Effect of Nitrogen Content on Hot Deformation Behavior and Grain Growth in Nuclear Grade 316LN Stainless Steel

1State Key Laboratory of Metastable Materials Science and Technology, Yanshan University, Qinhuangdao 066004, China
2China First Heavy Industries, Qiqihar 161042, China
3Key Laboratory of Advanced Forging & Stamping Technology and Science Yanshan University, Ministry of Education of China, Qinhuangdao 066004, China

Received 1 July 2015; Accepted 11 August 2015

Academic Editor: Jörg M. K. Wiezorek

Copyright © 2015 Ming-wei Guo et al. This is an open access article distributed under the Creative Commons Attribution License, which permits unrestricted use, distribution, and reproduction in any medium, provided the original work is properly cited.
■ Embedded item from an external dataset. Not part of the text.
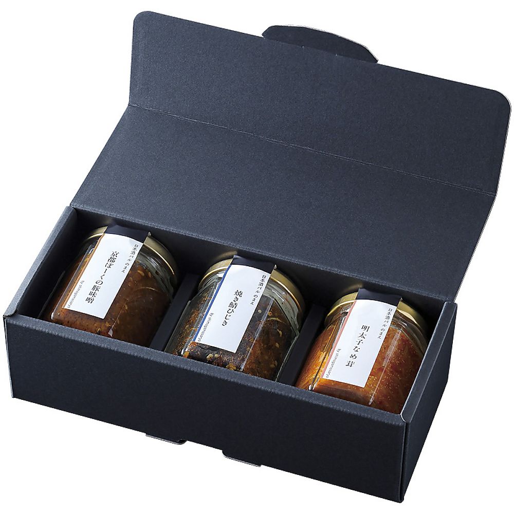- 商品内容:セット内容/京都ぽーくの豚味噌(110g)・明太子なめ茸(100g)・焼き鯖ひじき(55g)×各1 箱サイズ/8.1×25×6cm 箱入重量/1kg 賞味期限/常温6ヶ月 アレルゲン/小麦

316LN stainless steel with 0.08%N (08N) and 0.17%N (17N) was compressed at 1073–1473 K and 0.001–10 s−1. The hot deformation behavior was investigated using stress-strain curve analysis, processing maps, and so forth. The microstructure was analyzed through electron backscatter diffraction analysis. Under most conditions, the deformation resistance of 17N was higher than that of 08N. This difference became more pronounced at lower temperatures. The strain rate sensitivity increased with increasing temperature for types of steel. In addition, the higher the N content, the higher the strain rate sensitivity. Hot deformation activation energy increased from 487 kJ/mol to 549 kJ/mol as N concentration was increased from 0.08% to 0.17%. The critical strain for initiation of dynamic recrystallization was lowered with increasing N content. In the processing maps, both power dissipation ratio and unstable region increased with increasing N concentration. In terms of microstructure evolution, N promoted dynamic recrystallization kinetic and decreased dynamic recrystallization grain size. The grain growth rate was lower in 17N than in 08N during heat treatment. Finally, it was found that N favored twin boundary formation.